Помимо «земли» и «лета», ключевой историософской категорией ПВЛ оказываются «народы» («языки»). «Содержание ПВЛ можно охарактеризовать как самое первое в Древней Руси историографическое исследование о месте и роли славянских племен в мировом историческом процессе, – о месте «русичей» среди прочих племен, а также о возникновении русского государства и его правящих династий», – отмечает И. В. Дергачева относительно историософских аспектов ПВЛ49. Основной пафос летописца, по мнению исследовательницы, заключается в том, что история Руси может выступать на равных с историей древнейших государств и цивилизаций. Русь наследует политические и культурные формы древних народов и «стремится преуспеть как в достижении христианских добродетелей, так и в обретении политической мощи»50. Здесь перед нами пример позднейшей историософской интерпретации источника, в котором, конечно, нет и не может быть таких категорий, как «мировой исторический процесс», «государство», «цивилизация», не говоря уже о «политической мощи». Все это историософские представления XVIII–XX вв., наложенные на древний текст летописи. Историософское содержание ПВЛ раскрывается совсем в других категориях, которые, безусловно, соотносимы с перечисленными выше, но все же их следовало бы уточнить.

Если рассматривать русский ИТ в ретроспективе, то Русское «государство» (понимаемое как «княжение»: брачный союз князя и земли) возникает в IX в., после того как оформились все «мировые религии», следом за VII Вселенским Собором и фактически сразу после того, как раскол Западной и Восточной Европы (а в категориях того времени, «царства ромеев» и папского Рима, 1054 г.) становится необратимым. Русь появляется в самом разгаре мировых событий, и само это явление рассматривается носителями книжной культуры как знак в плане исторической семиотики. Это явление в телеологической перспективе может вызывать предположение о какой-то особой цели.

Древнерусским книжникам эта цель, конечно же, видится в принятии христианства и конкретно в его эсхатологических и сотериологических аспектах.
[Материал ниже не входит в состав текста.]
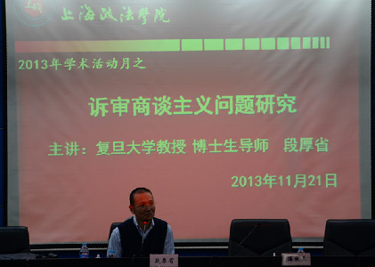 按照我校“第五届学术活动月”的统一安排,应研究生部邀请,11月21日下午,华东政法大学教授马长山教授、复旦大学段厚省教授来我校,在庸夫楼112报告厅作“‘国家主义’法治策略的问题与出路”和“诉审商谈主义问题研究”的学术讲座。讲座由研究生部主任潘牧天教授主持,法律学院部分教师、研究生部全体教师、2012级和2013级全体硕士研究生参加。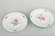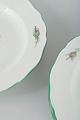 Fire tallerkener i porcelæn dekoreret med håndmalede rosa roser og grøn kant. Stemplet med Meissens krydsede sværd under bunden.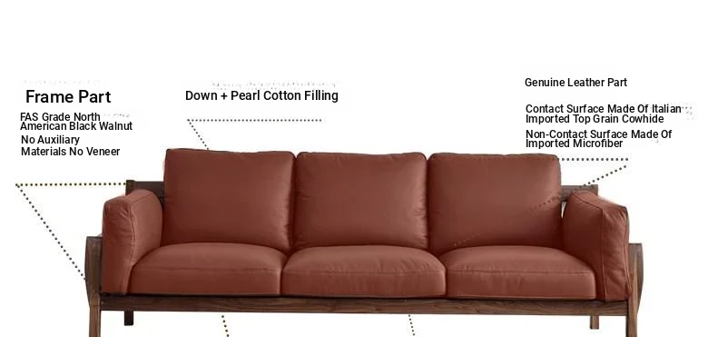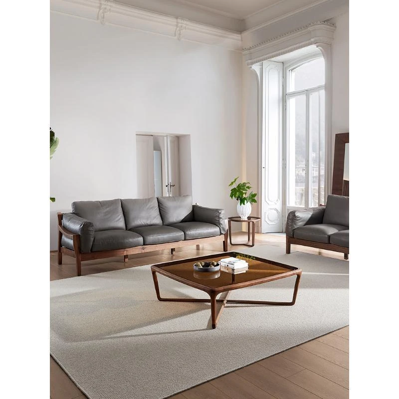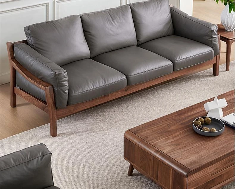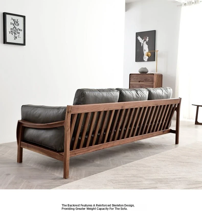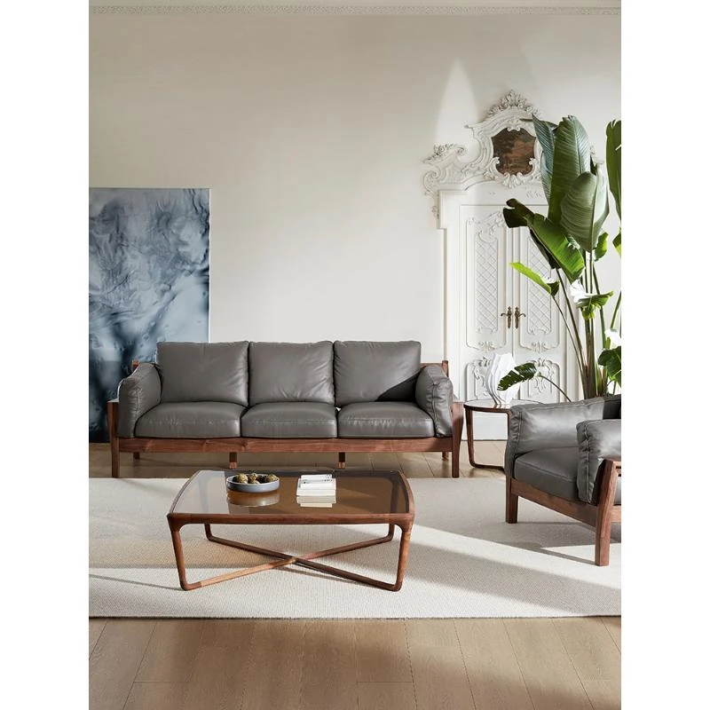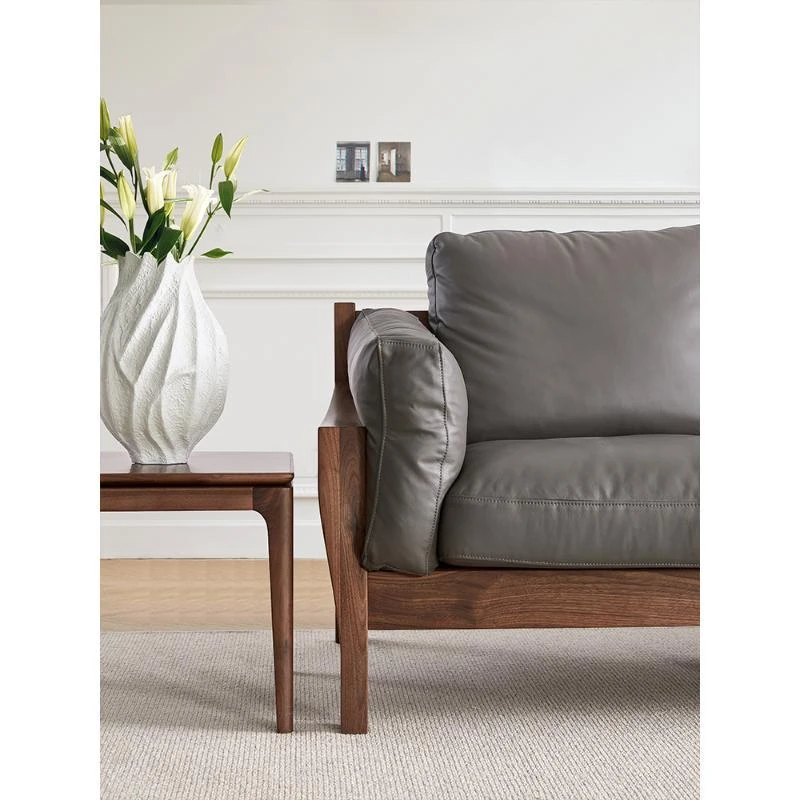 All-Wood Sofa in North American Black Walnut - Italian Minimalist Luxury Designer Leather Living Room Couch for Home Use, Modular Design

Выбор православия после кропотливого изучения всех вер и накануне Великой Схизмы двух христианских конфессий может рассматриваться как эсхатологический выбор. Автор «Слова» митрополит Иларион ясно сознает это, когда пишет, что русские держат предание семи Вселенских Соборов: «… и святыихъ отьць седми събор предание дьржаще» [1, с. 40]. Последний признанный полнотой православия VII Вселенский Собор состоялся в 787 г., то еесть за несколько десятилетий до летописной даты рождения Русской «государственности». VIII же Собор, согласно православному преданию, состоится в «последние времена», то есть несет ярко выраженную эсхатологическую нагрузку. Поэтому историософский смысл существования Русской земли осознается киевскими и новгородскими иноками XI в. следующим образом: нужно устоять и удержать предание Семи Соборов (снова числовая символика семи) во что бы то ни стало перед лицом наступающих «последних времен» – в этом, судя по всему, и заключается миссия новокрещеного «Русьского» народа («людей»), как понимал ее митрополит Иларион и монахи-летописцы X–XII вв.

Как известно, древняя Русь приняла Крещение в 80-е гг. X в., или около 6496 г., согласно принятой тогда в Восточной церкви системе летосчисления. То есть христианский мир пребывал в самой середине седьмого тысячелетия своей истории и на исходе первой тысячи лет после Рождества Христова, состоявшегося, согласно наиболее признанным в то время вычислениям, в 5500 г. Между тем существовали авторитетные предания о том, что именно на седьмой тысяче лет от сотворения мира наступит «конец всего», Страшный Суд. Уже в эпоху раннего христианства Ириней Лионский высказал суждение о том, что во сколько дней был создан мир, столько тысячелетий он и просуществует (аналогия «тысяча лет для Господа как один день» основана на выражении из Псалмов: Пс. 89:5). То есть конец мира будет в 6000-й год (492 г. от Р. Х.), второе пришествие Христа и открытие земного царства славы произойдет в конце шеститысячного года51. Собственно говоря, именно с этими представлениями во многом были связаны военные успехи варваров в V в. и уступка Римского императорского престола Одоакру в 476 г. В «кесарском» богословии каппадокийской школы (Василий Великий, 330–379 гг., Григорий Нисский, 335–394 гг.) «конец мира» был отодвинут еще на тысячу лет, поскольку земное время измеряется «седмерицей», а «будущий век» понимается как «восьмой день»52.